東芝は,3次元描画処理用のグラフィックス回路を搭載したMPEG-4動画圧縮・伸張処理LSI「TC35285XBG」を開発した.携帯電話におけるゲームやGUIなどの応用を想定している.
描画性能は1億2500万画素/s.頂点座標の変換処理(ジオメトリ処理)性能は350万頂点/s.グラフィックスAPIとして,OpenGLのサブセットであるOpenGL ES(OpenGL for Embedded Systems)に対応している.QVGAサイズ(320×240ピクセル)の動画像を15フレーム/sの速度で圧縮,伸張できる.

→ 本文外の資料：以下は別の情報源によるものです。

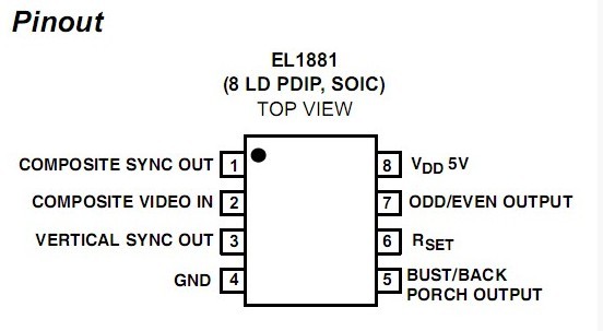 EL1881CN features: (1)NTSC, PAL, SECAM, non-standard video sync separation; (2)Fixed 70mV slicing of video input levels from 0.5VP-P to 2VP-P; (3)Low supply current - 1.5mA typ.; (4)Single +5V supply; (5)Composite, vertical sync output; (6)Odd/even field output; (7)Burst/back porch output; (8)Available in 8 Ld PDIP and SOIC packages; (9)Pb-free available (RoHS Compliant).

20MビットのDRAMコアを搭載している.DRAMと3次元グラフィックス処理回路の間では,2Gバイト/sの速度でデータ転送を行える.消費電力は最大230mW(125MHz動作時).JPEG圧縮・伸張回路を内蔵し,最大200万画素(1,632×1,224ピクセル)までの静止画に対応できる.また,CIFサイズ(352×288ピクセル)までのLCD(液晶ディスプレイ)パネルに対応したLCDコントローラを内蔵する.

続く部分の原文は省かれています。